Entries shown:
# # # # #

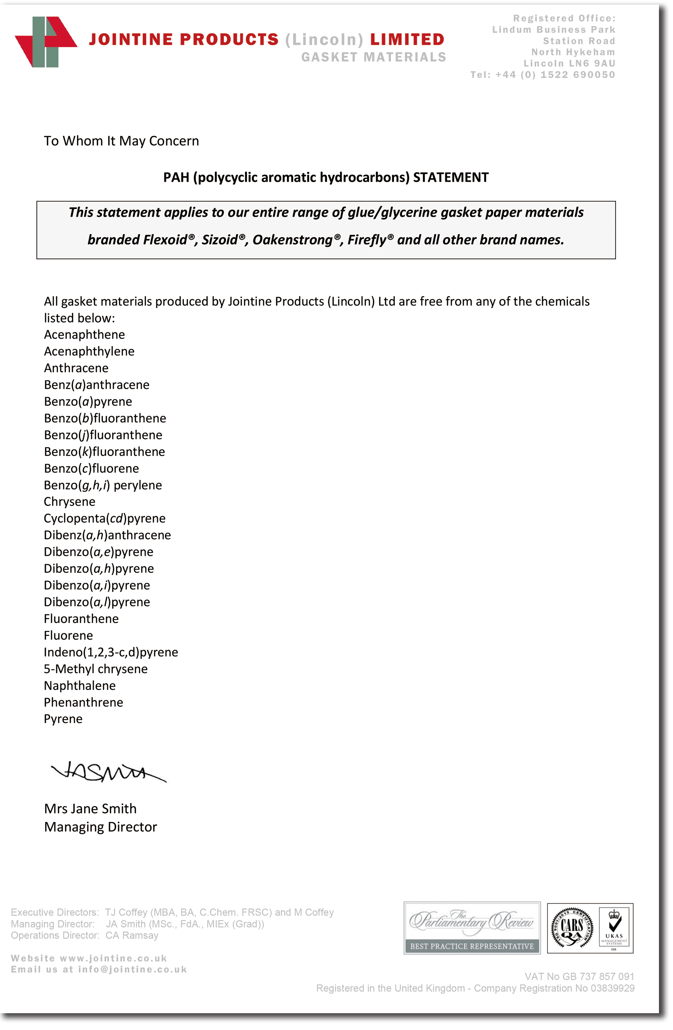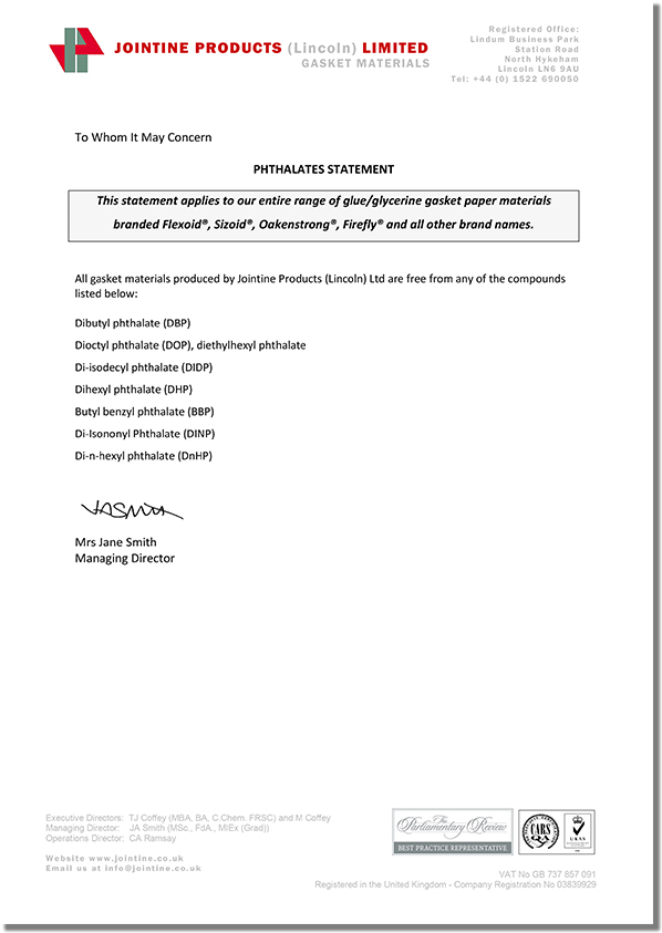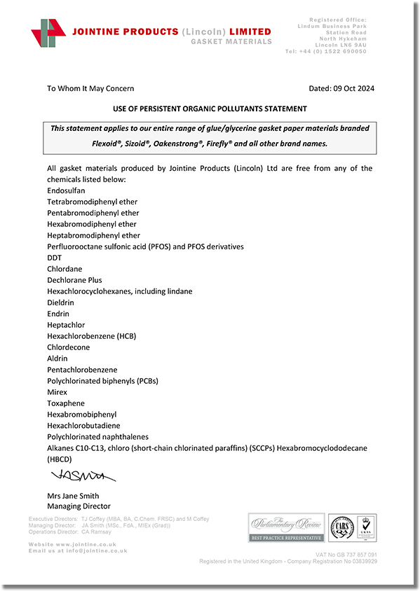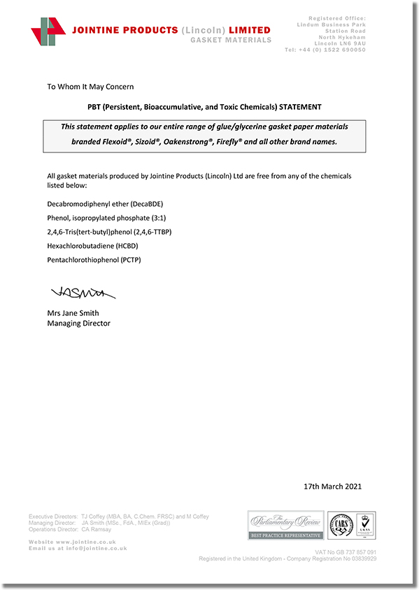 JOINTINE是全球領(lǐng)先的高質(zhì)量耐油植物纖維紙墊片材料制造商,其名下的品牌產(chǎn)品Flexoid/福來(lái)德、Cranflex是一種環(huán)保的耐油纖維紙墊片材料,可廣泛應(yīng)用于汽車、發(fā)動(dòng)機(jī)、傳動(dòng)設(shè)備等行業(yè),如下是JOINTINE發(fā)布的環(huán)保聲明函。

# # # # #

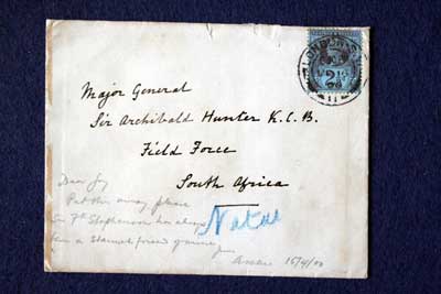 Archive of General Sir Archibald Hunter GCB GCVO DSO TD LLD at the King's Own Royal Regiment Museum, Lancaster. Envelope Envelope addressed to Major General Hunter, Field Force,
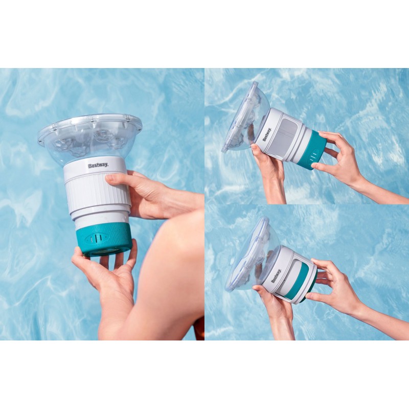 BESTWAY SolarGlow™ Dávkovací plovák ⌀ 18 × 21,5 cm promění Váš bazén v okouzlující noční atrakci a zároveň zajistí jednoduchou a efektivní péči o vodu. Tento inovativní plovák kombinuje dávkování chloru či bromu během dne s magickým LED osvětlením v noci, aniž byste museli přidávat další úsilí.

# # # # #

Your task: Looking at the listing above, which lines run from the one containing "Archive of General" through the one containing "BESTWAY SolarGlow™ Dávkovací"? Print exactly those, ends included, pictures excluded.

Final answer:
 Archive of General Sir Archibald Hunter GCB GCVO DSO TD LLD at the King's Own Royal Regiment Museum, Lancaster. Envelope Envelope addressed to Major General Hunter, Field Force,
 BESTWAY SolarGlow™ Dávkovací plovák ⌀ 18 × 21,5 cm promění Váš bazén v okouzlující noční atrakci a zároveň zajistí jednoduchou a efektivní péči o vodu. Tento inovativní plovák kombinuje dávkování chloru či bromu během dne s magickým LED osvětlením v noci, aniž byste museli přidávat další úsilí.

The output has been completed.